▶ _Dataset content_

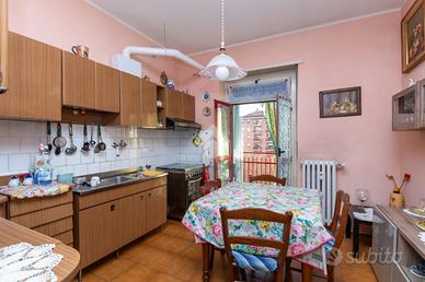CORSO GIULIO CESARE/VIA OXILIA - In stabile di inizio anni '70 dotato di doppio ascensore alloggio al sesto piano composto da: ingresso, cucina abitabile, due camere da letto, bagno finestrato e ripostiglio. Doppia esposizione (est-ovest) con due balconi. L'appartamento è in buono stato, gli infissi sono in doppio vetro e la porta è blindata. Il riscaldamento è centralizzato con le termovalvole. Completa l'unità una cantina di pertinenza al piano cortile. Libero subito.
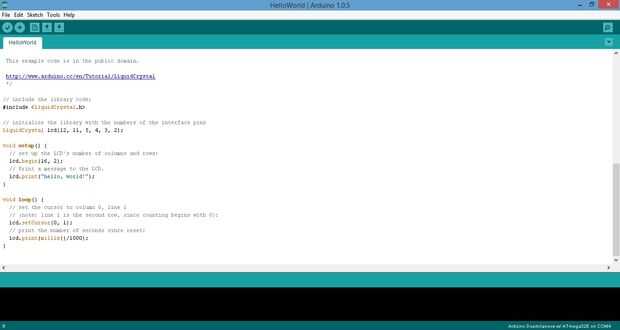 He utilizado el ejemplo HelloWorld de la biblioteca. Usted puede encontrar este ejemplo en el IDE de Arduino siguiendo la ruta: archivo -> ejemplos -> LiquidCrystal -> HelloWorld.
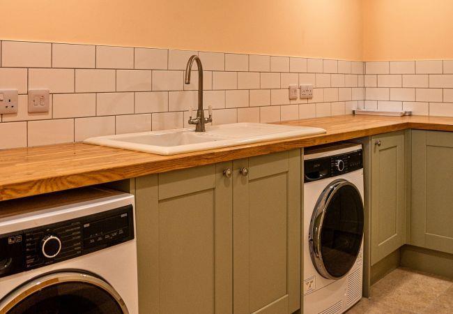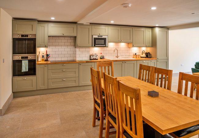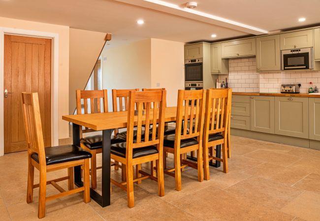 Barn Six, sleeping up to eight guests, offers a spacious open-plan living space with a smart TV and bi-fold doors leading to the private garden. The dining area is perfect for shared meals, while the fully equipped kitchen includes an electric oven, electric hob, microwave, fridge, freezer, dishwasher, and a welcome pack for your convenience. A utility room with a washing machine and tumble dryer makes for an easy self-catered stay.

▶ _Your assignment_
All that is wanted is the run of lines from the start of the material through the line that holds "He utilizado el", retyped exactly, with no pictures.

▶ _Task solution_
CORSO GIULIO CESARE/VIA OXILIA - In stabile di inizio anni '70 dotato di doppio ascensore alloggio al sesto piano composto da: ingresso, cucina abitabile, due camere da letto, bagno finestrato e ripostiglio. Doppia esposizione (est-ovest) con due balconi. L'appartamento è in buono stato, gli infissi sono in doppio vetro e la porta è blindata. Il riscaldamento è centralizzato con le termovalvole. Completa l'unità una cantina di pertinenza al piano cortile. Libero subito.
 He utilizado el ejemplo HelloWorld de la biblioteca. Usted puede encontrar este ejemplo en el IDE de Arduino siguiendo la ruta: archivo -> ejemplos -> LiquidCrystal -> HelloWorld.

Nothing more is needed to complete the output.